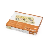 Kolorowe ścieżki, kulki oraz nadruki z liczbami i owocami motywują dzieci do poznawania kolorów i zabawnego liczenia.
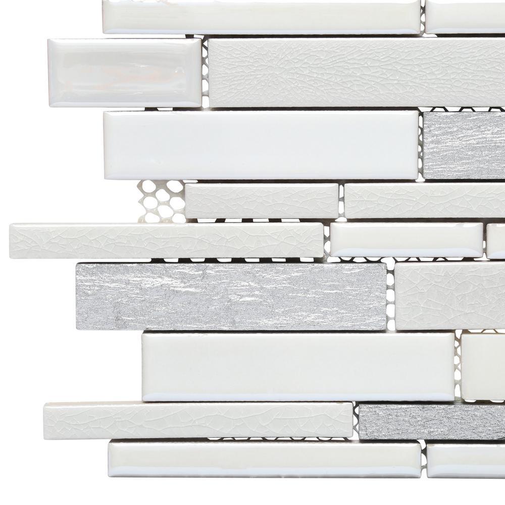 Add a splash of chic styling to your decor with Everest Interlocking Porcelain Stone Blend Mosaic Wall Tile. A seemingly random blend of stone and tile strips forms this 12 in. x 12 in. mesh-mounted mosaic, infusing your space with a sharp look and contemporary flair. The mixed-sheen, mixed-finished tiles from MS International add definition to any residential or commercial expanse and are versatile enough to be used outside or on a fireplace surround. Boasting natural white marble interspersed with crackly porcelain chips, they look particularly stunning as kitchen backsplash or bath wall, and also work splendidly as a countertop surface or accent band.
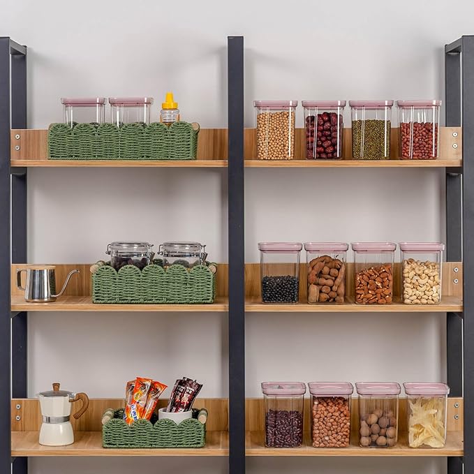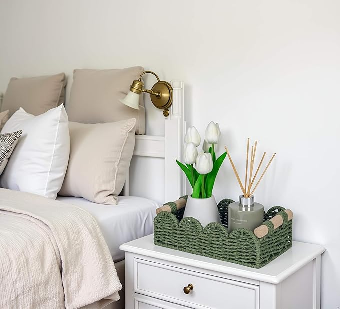 - MULTIPURPOSE USE: Our scalloped edge paper rope decor basket add personality and charming addition to bedroom, living room, bathroom, nursery and space-floating shelves, over toilet storage shelf, end table, nightstand,storage cabinet, bookcase and more, also serve well to small items, beauty products, cleaning supplies, and more
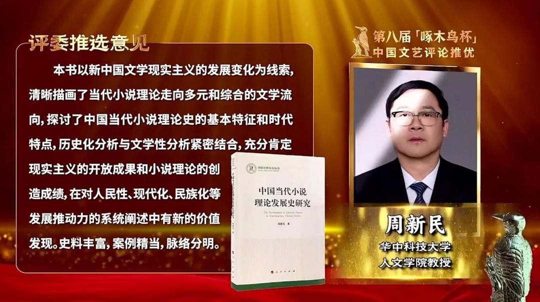 周新民获第八届“啄木鸟杯”中国文艺评论推优“优秀文艺评论著作”大奖
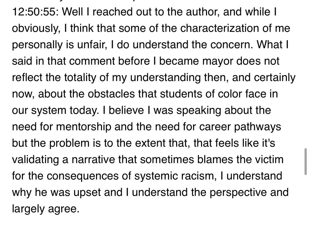 "In addition, his remarks assume that low income students primarily lack a good role model and they would then more easily be able to overcome the socio and economic barriers facing them and their parents, the institutional racism and bias encountered by these students many times overlooked for opportunities or entirely ignored."
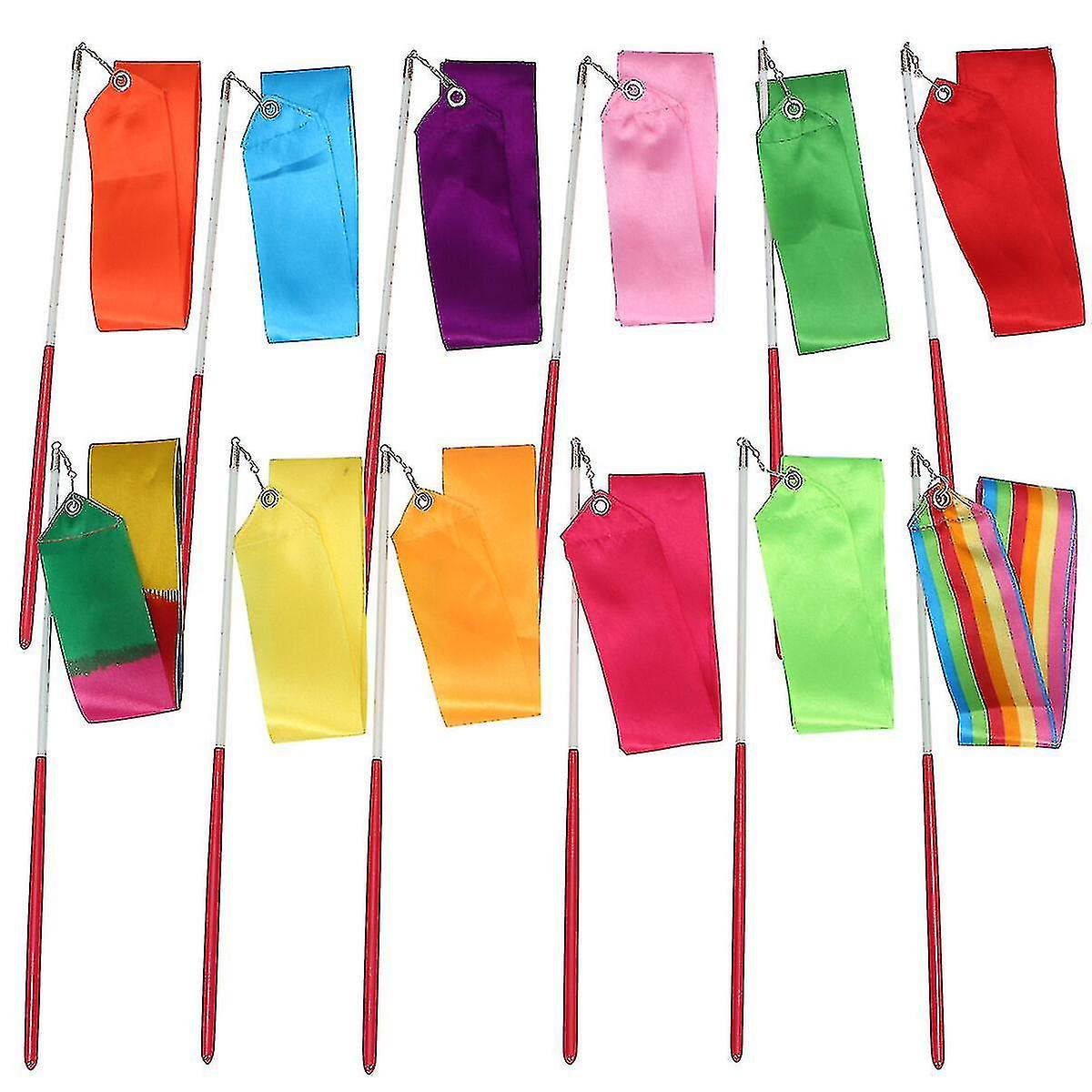 12pcs 2 Meters Rhythmic Art Gymnastics Ribbon With Stick Children Dancing Streamers Riband Rod For Gymnastics
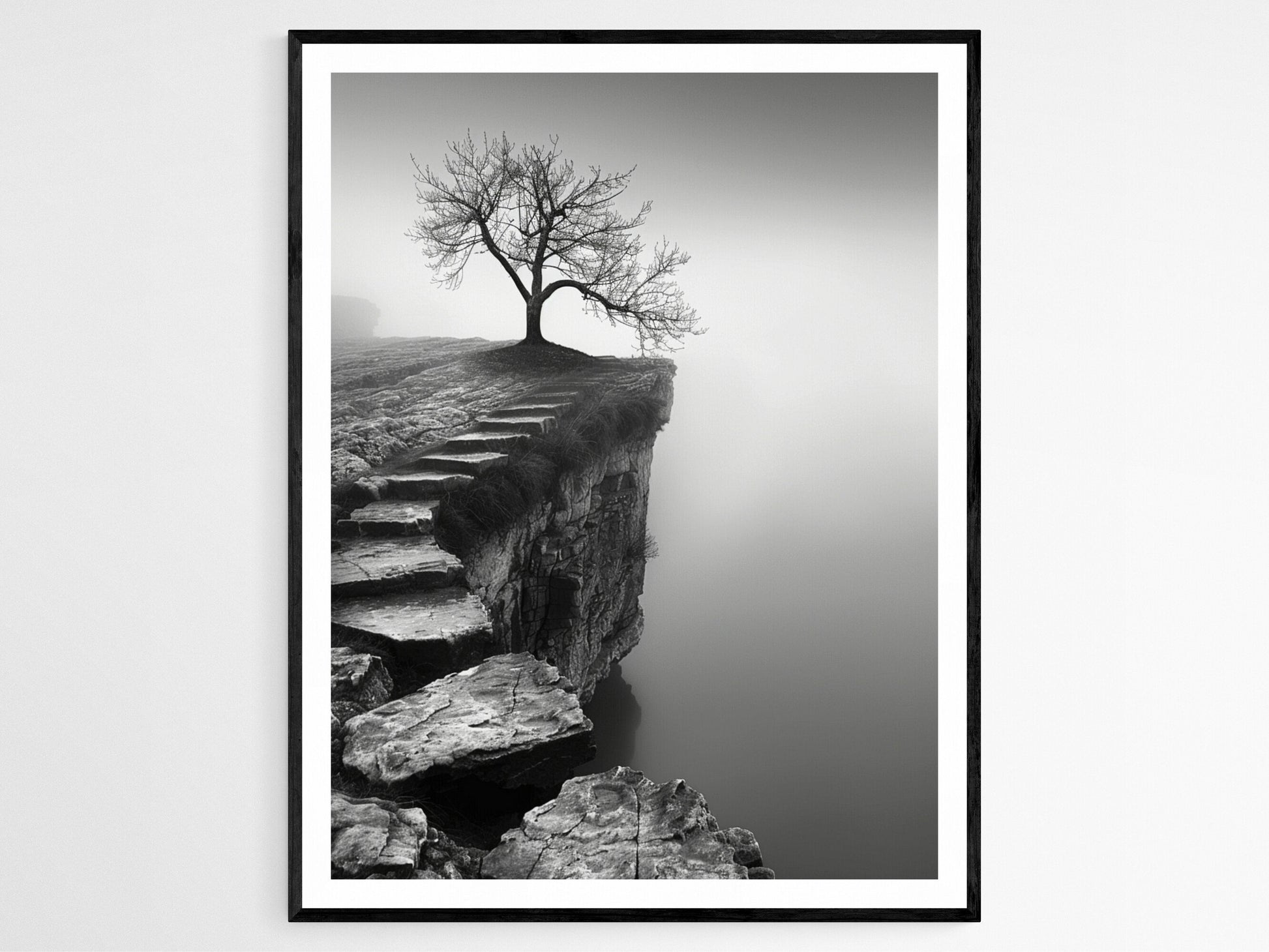 Plongez dans la beauté brute de la nature avec cette affiche captivante, mettant en avant un arbre majestueux qui défie les éléments sur un rocher escarpé. Cette illustration émotive évoque la résilience et la solitude, apportant une touche de sérénité et de force à votre décoration murale. Idéale comme poster mural, elle transforme n'importe quel espace en une véritable ode à la nature et à la contemplation.

**What is expected**. If the material above contains pictures, exclude them from an otherwise exact transcription.

**Answer to the exercise**.
 Kolorowe ścieżki, kulki oraz nadruki z liczbami i owocami motywują dzieci do poznawania kolorów i zabawnego liczenia.
 Add a splash of chic styling to your decor with Everest Interlocking Porcelain Stone Blend Mosaic Wall Tile. A seemingly random blend of stone and tile strips forms this 12 in. x 12 in. mesh-mounted mosaic, infusing your space with a sharp look and contemporary flair. The mixed-sheen, mixed-finished tiles from MS International add definition to any residential or commercial expanse and are versatile enough to be used outside or on a fireplace surround. Boasting natural white marble interspersed with crackly porcelain chips, they look particularly stunning as kitchen backsplash or bath wall, and also work splendidly as a countertop surface or accent band.
 - MULTIPURPOSE USE: Our scalloped edge paper rope decor basket add personality and charming addition to bedroom, living room, bathroom, nursery and space-floating shelves, over toilet storage shelf, end table, nightstand,storage cabinet, bookcase and more, also serve well to small items, beauty products, cleaning supplies, and more
 周新民获第八届“啄木鸟杯”中国文艺评论推优“优秀文艺评论著作”大奖
 "In addition, his remarks assume that low income students primarily lack a good role model and they would then more easily be able to overcome the socio and economic barriers facing them and their parents, the institutional racism and bias encountered by these students many times overlooked for opportunities or entirely ignored."
 12pcs 2 Meters Rhythmic Art Gymnastics Ribbon With Stick Children Dancing Streamers Riband Rod For Gymnastics
 Plongez dans la beauté brute de la nature avec cette affiche captivante, mettant en avant un arbre majestueux qui défie les éléments sur un rocher escarpé. Cette illustration émotive évoque la résilience et la solitude, apportant une touche de sérénité et de force à votre décoration murale. Idéale comme poster mural, elle transforme n'importe quel espace en une véritable ode à la nature et à la contemplation.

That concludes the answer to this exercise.